Compliance is built in layers: federal guidance, state adoption, and local enforcement. Those layers do not always align. What passes inspection in one state can raise issues in another. What is optional in one jurisdiction may be required in the next.
For multi-unit operators, this creates an execution problem. The challenge is not just understanding the rules. It is knowing which version applies at each location, and whether it is being followed consistently across menus, systems, and teams.
Are restaurants regulated by federal, state, or local authorities?
Restaurants are regulated at multiple levels. Enforcement typically happens locally, with state-level oversight and federal frameworks shaping the rules underneath.
Some federal requirements apply across all locations, including allergen definitions under FALCPA and the FASTER Act, menu labeling rules for large chains, and supply chain traceability under FSMA.
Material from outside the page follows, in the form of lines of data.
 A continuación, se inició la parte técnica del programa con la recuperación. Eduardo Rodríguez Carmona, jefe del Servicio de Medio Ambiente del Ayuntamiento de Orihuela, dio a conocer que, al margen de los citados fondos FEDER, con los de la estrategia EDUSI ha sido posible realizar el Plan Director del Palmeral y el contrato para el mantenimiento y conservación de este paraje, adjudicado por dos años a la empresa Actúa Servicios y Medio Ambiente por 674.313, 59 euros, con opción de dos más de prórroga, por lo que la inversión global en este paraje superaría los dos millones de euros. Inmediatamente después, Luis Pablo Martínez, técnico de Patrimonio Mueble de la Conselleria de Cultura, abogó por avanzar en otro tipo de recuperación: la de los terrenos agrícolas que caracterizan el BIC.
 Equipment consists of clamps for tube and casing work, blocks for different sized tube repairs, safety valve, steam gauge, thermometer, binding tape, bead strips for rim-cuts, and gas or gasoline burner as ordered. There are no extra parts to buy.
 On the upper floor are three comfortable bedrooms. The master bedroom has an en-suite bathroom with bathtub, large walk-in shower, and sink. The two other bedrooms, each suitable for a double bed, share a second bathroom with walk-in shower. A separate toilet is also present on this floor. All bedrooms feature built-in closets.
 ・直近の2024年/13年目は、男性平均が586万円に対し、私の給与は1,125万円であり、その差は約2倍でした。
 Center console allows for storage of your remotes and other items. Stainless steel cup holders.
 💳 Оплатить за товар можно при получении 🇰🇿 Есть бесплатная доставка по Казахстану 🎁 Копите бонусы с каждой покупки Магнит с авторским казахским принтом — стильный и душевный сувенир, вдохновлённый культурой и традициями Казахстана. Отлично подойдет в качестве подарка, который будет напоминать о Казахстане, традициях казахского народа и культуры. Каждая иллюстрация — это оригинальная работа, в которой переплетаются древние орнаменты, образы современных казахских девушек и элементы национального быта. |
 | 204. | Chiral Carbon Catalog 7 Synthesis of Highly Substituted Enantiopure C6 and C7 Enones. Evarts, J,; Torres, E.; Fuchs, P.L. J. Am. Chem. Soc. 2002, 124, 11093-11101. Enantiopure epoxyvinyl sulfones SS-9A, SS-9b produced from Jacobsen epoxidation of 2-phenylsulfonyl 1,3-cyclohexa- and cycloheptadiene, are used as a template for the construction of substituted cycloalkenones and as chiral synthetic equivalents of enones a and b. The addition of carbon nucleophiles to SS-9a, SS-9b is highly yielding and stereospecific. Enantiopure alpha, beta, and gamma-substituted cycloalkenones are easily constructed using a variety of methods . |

For operators, this creates a fragmented compliance model. There is no single authority to align to, and no single checklist that covers every location. Each site needs to be assessed against the rules that apply in that jurisdiction, and executed consistently in practice.
| Level | What this level typically does | What it means for restaurant operators |
| Federal | Sets certain national rules and guidance that can affect restaurants directly or indirectly, including areas such as menu labeling for qualifying chains, allergen-related requirements, and broader food safety frameworks | Federal rules matter, but they do not replace local compliance responsibilities. Operators still need to understand how national requirements interact with state and local enforcement |
| State | Adopts and enforces statewide food safety rules, often using the FDA Food Code as a base, while adding state-specific requirements for areas such as food handler training, licensing, or allergen processes | State rules often shape the baseline compliance framework across locations in that state. Multi-state operators cannot assume the same rules apply everywhere |
| Local | Manages day-to-day oversight in many cases, including permits, inspections, enforcement, reinspection processes, grading systems, and local health department requirements | This is often the level operators feel most directly. Local rules and inspection expectations can materially affect how each site needs to operate |
Table: Restaurants are usually regulated through a mix of federal, state and local oversight, but in practice most operators deal most directly with state and local requirements.
Assess your readiness with the SB-68 Compliance Checklist
Why do restaurant food regulations vary by state and city?
Regulatory differences exist because each jurisdiction adopts and enforces its own version of food safety requirements.
These differences show up in ways that directly affect day-to-day operations:
- Food Code adoption
One state may follow the 2022 FDA Food Code, while another uses an older version. This can change expectations around allergens, hygiene, and procedures. - Inspection style and scoring
Some cities use public grading systems such as A, B, or C. Others do not. Some focus heavily on documentation, while others prioritize physical conditions on site. - State-specific requirements
These can include allergen disclosure rules, mandatory training certifications, or additional labeling obligations. - Local interpretation
Even within the same state, inspectors may apply standards differently depending on local priorities.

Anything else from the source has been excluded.